About this exercise:
Restate word for word the lines below, from the one containing "Kit d'examen dentaire" through the final line, with no pictures included.

----

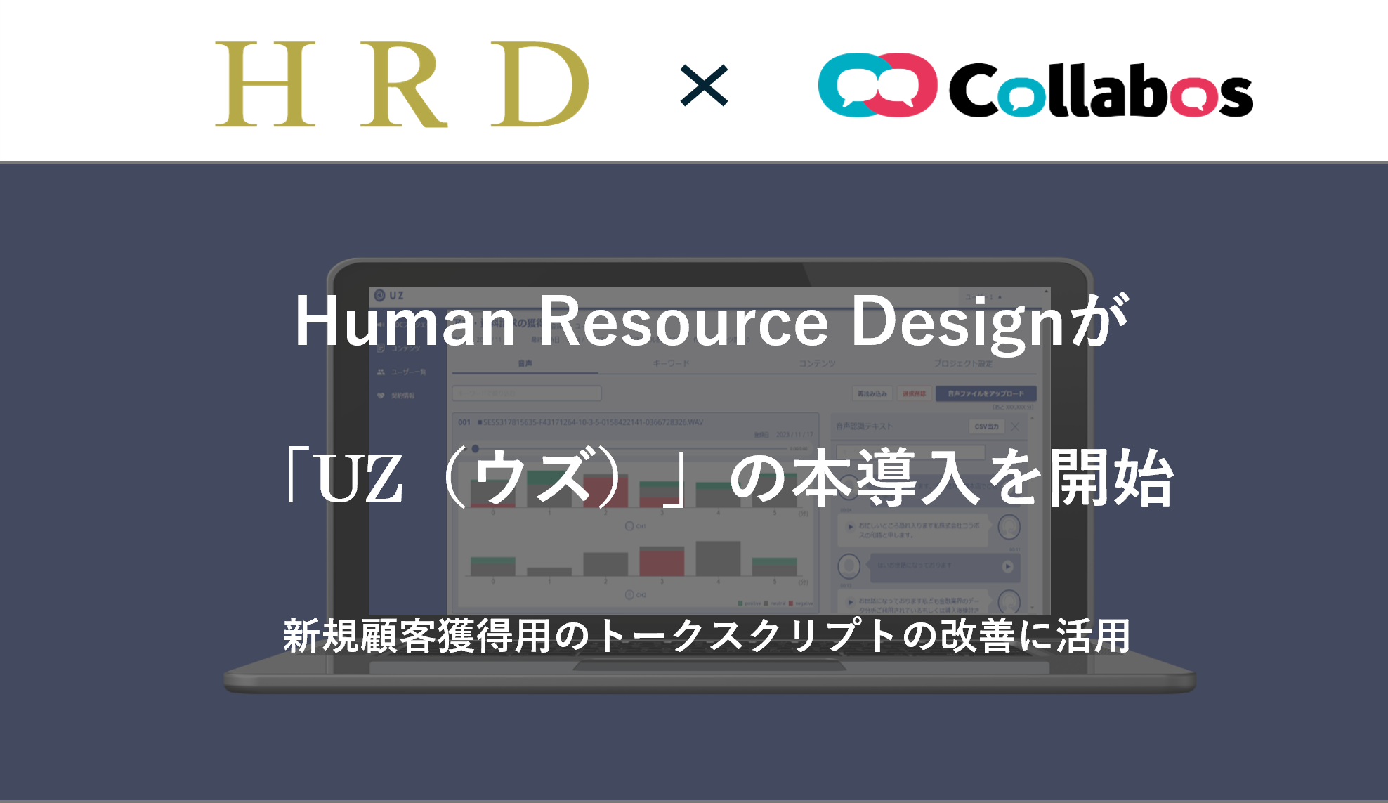 コールセンターシステムやマーケティングシステムを開発し、月額制のクラウド型で提供している株式会社コラボス(本社:東京都千代田区、代表取締役社長:茂木 貴雄、以下「当社」)は、2023 年12月21 日にリリースした最新AI マーケティングシステム「UZ(ウズ)」が、各種採用コンテンツサービスを提供する株式会社Human Resource Design Design(本社:東京都港区、代表取締役:松村 恭行、以下「HRD 社」)に採用されましたことをお知らせいたします。
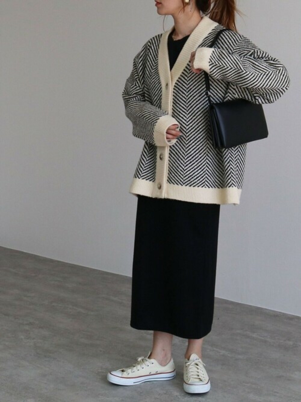 ■2021AW PICK UP■ 今年の秋の旬アイテム! ヘリボーン柄のニットカーディガンが登場!! レトロなヘリボーン柄が印象的なビッグシルエットのカーディガン。 Vネックラインですっきりとした印象です♪ 生地は厚めですので、軽アウターのようにも使えますよ◎ \ZOZOWEEK開催中!/ ”ヘリンボーンニットカーディガン” カラー:ブラック / ライトグレー ¥5,276-special sale
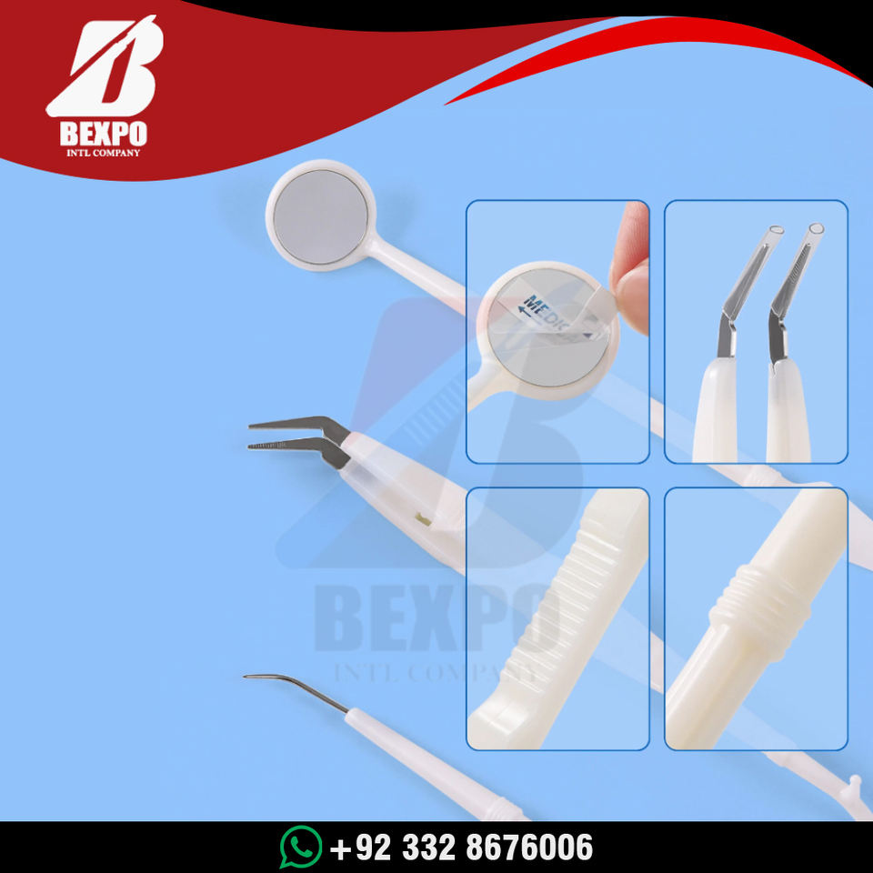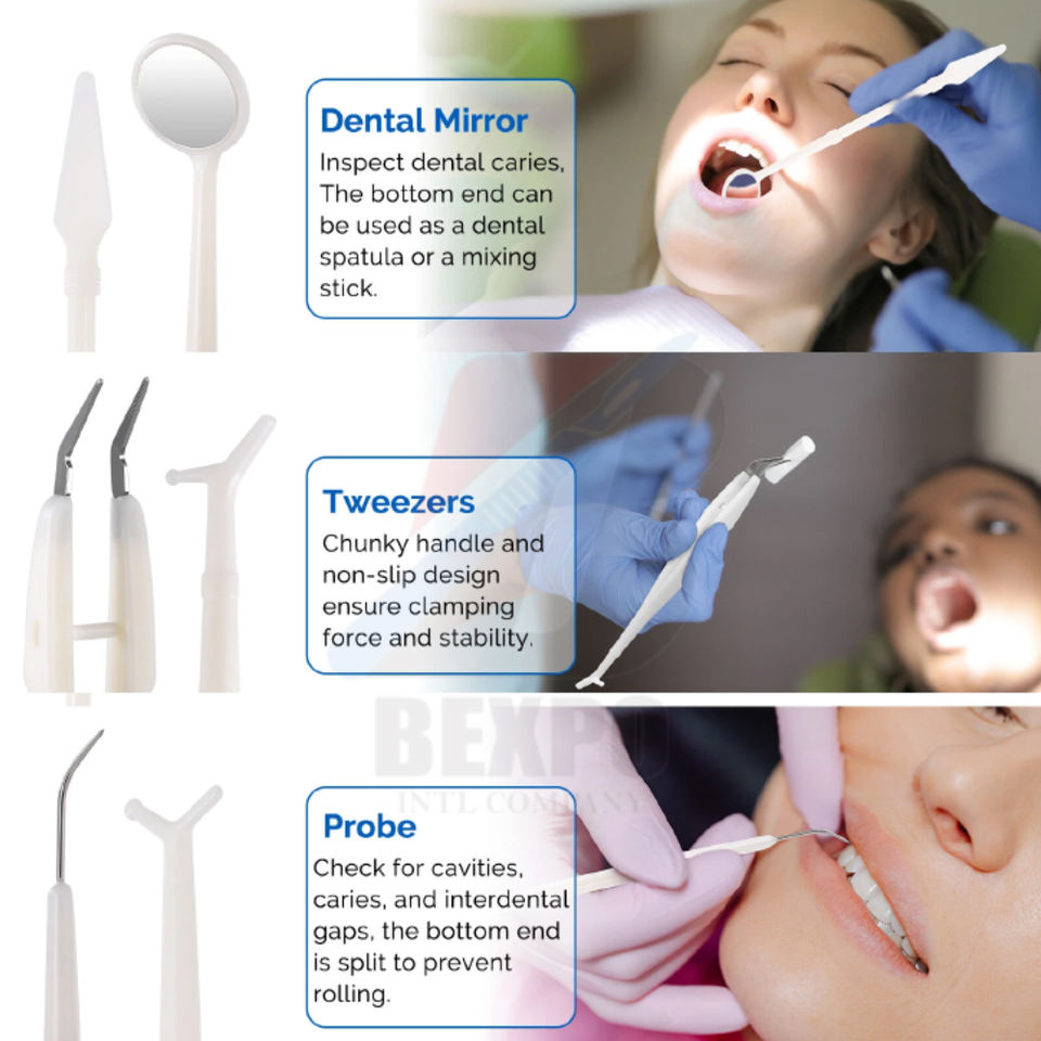 Kit d'examen dentaire jetable avec miroir, sonde exploratrice, pince, kit de nettoyage buccal avec sonde, pinces, miroirs buccaux, 3 pièces
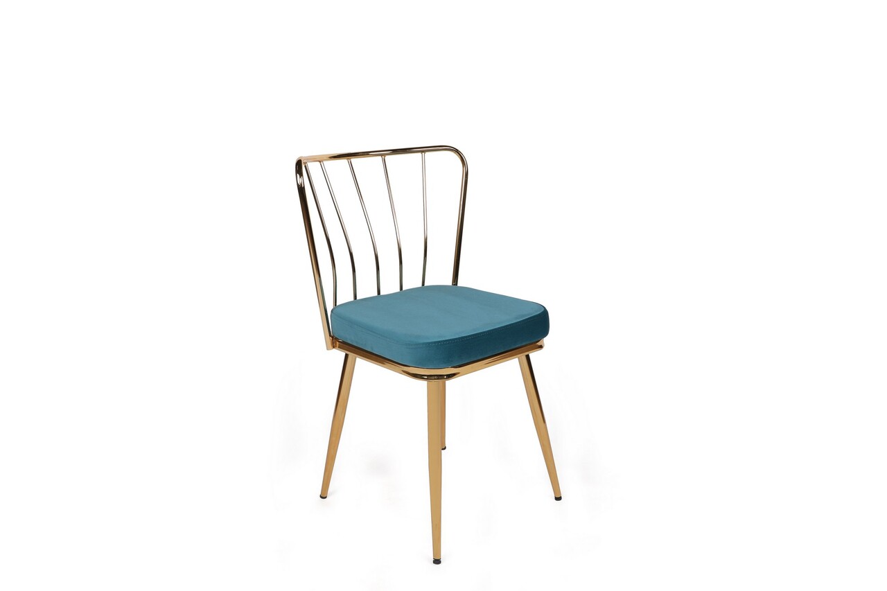 Set scaune 4 piese, Nmobb, Yıldız-929 V4, Metal, Albastru / Auriu
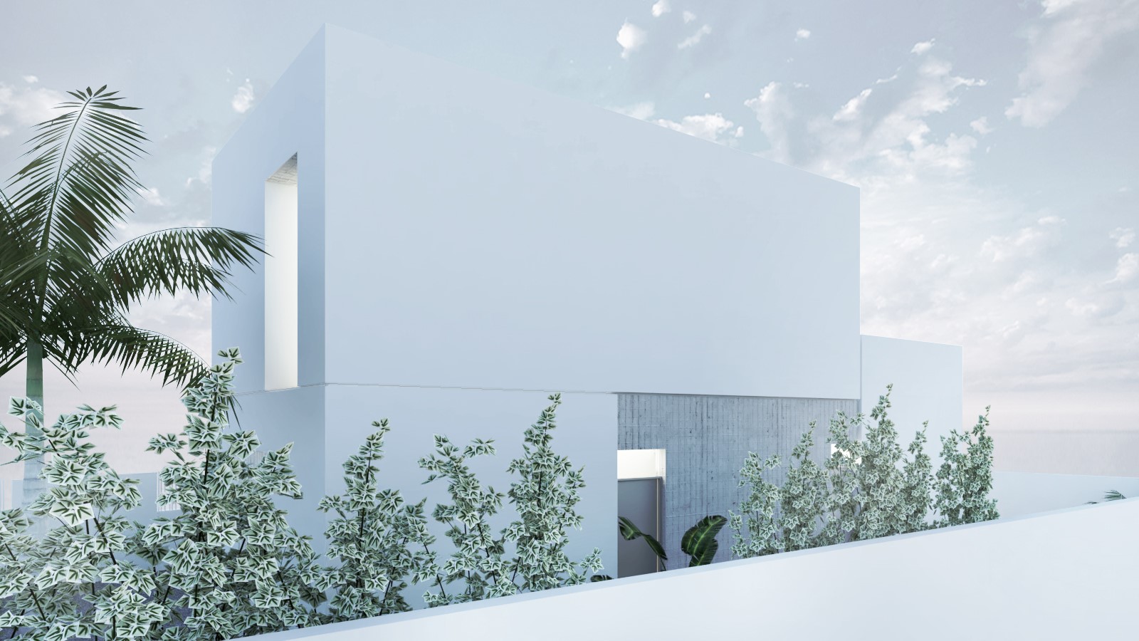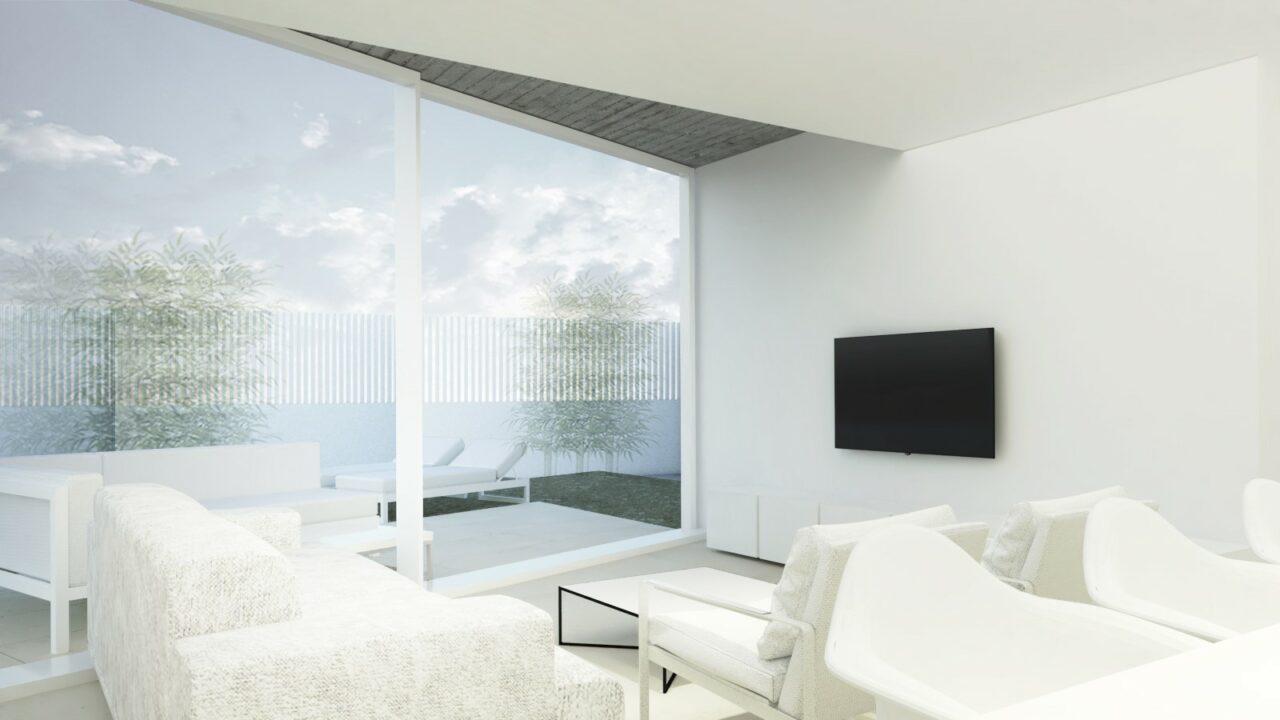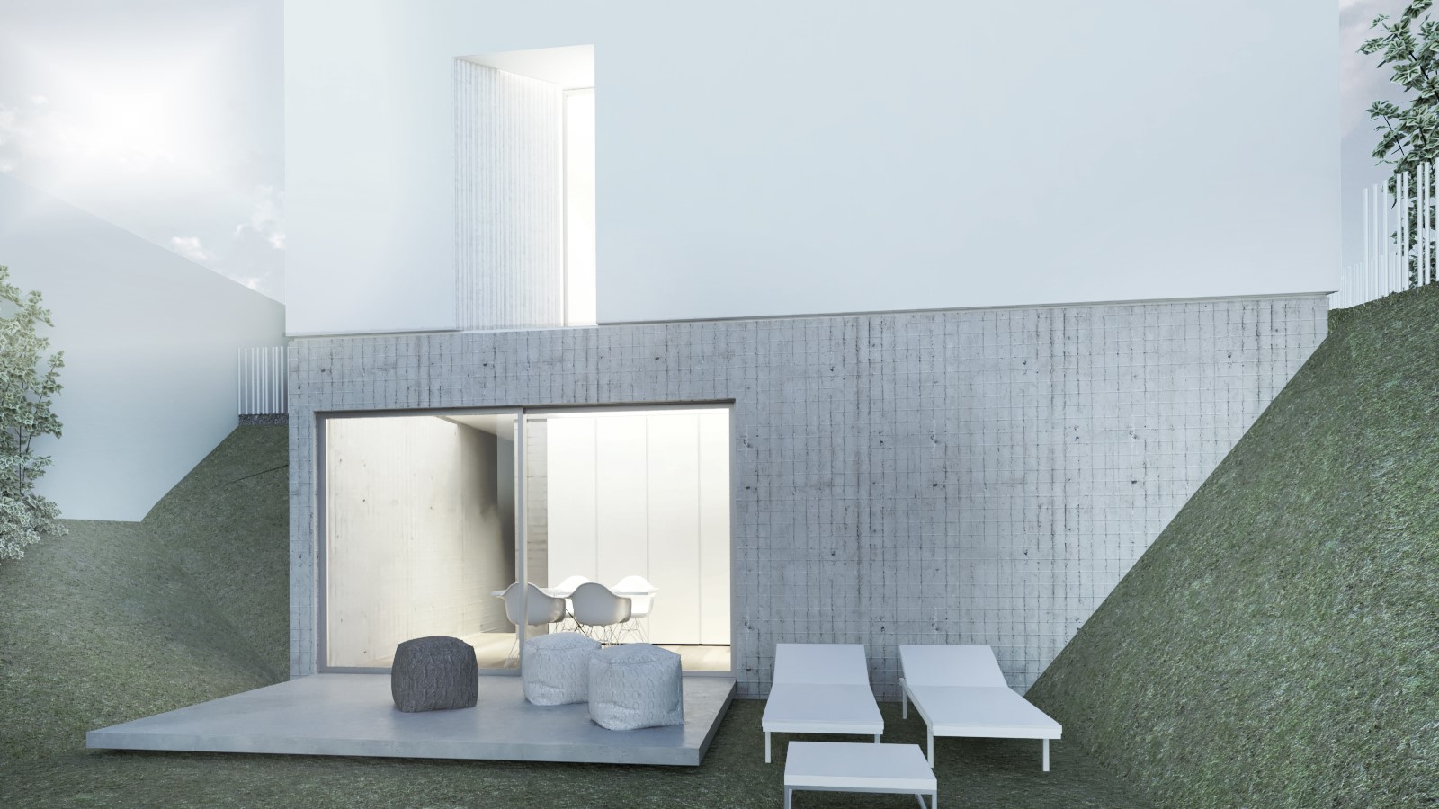 Los estancias de noche tales como dormitorios se plantean como pliegues en la fachada minimizando al máximo la superficie de apertura. Por el contrario las zonas de día tales como salones, comedores y cocina se relacionan con los espacios abiertos de la parcela y se abren decididamente a el a través de huecos horadados en los muros de hormigón.
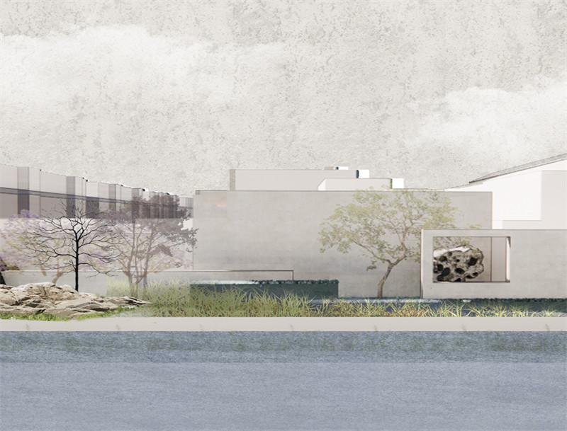 设计灵感汲取自沧浪亭的雅致与静谧,围合型廊道与廊外精巧园林景观相得益彰,既保留了古典园林的深邃意境,又赋予其现代空间的灵动与开放。漫步其间,仿佛穿越古今,体验一场跨越时空的文化对话。在保留苏州传统园林文化的同时,现代化的设计呈现出恰当的比例,实现了过去和现在院落生活的统一,观者在片刻的凝视或浮光掠影的一瞥之中,重新唤起苏州城的历史性记忆

----

Task result:
 Kit d'examen dentaire jetable avec miroir, sonde exploratrice, pince, kit de nettoyage buccal avec sonde, pinces, miroirs buccaux, 3 pièces
 Set scaune 4 piese, Nmobb, Yıldız-929 V4, Metal, Albastru / Auriu
 Los estancias de noche tales como dormitorios se plantean como pliegues en la fachada minimizando al máximo la superficie de apertura. Por el contrario las zonas de día tales como salones, comedores y cocina se relacionan con los espacios abiertos de la parcela y se abren decididamente a el a través de huecos horadados en los muros de hormigón.
 设计灵感汲取自沧浪亭的雅致与静谧,围合型廊道与廊外精巧园林景观相得益彰,既保留了古典园林的深邃意境,又赋予其现代空间的灵动与开放。漫步其间,仿佛穿越古今,体验一场跨越时空的文化对话。在保留苏州传统园林文化的同时,现代化的设计呈现出恰当的比例,实现了过去和现在院落生活的统一,观者在片刻的凝视或浮光掠影的一瞥之中,重新唤起苏州城的历史性记忆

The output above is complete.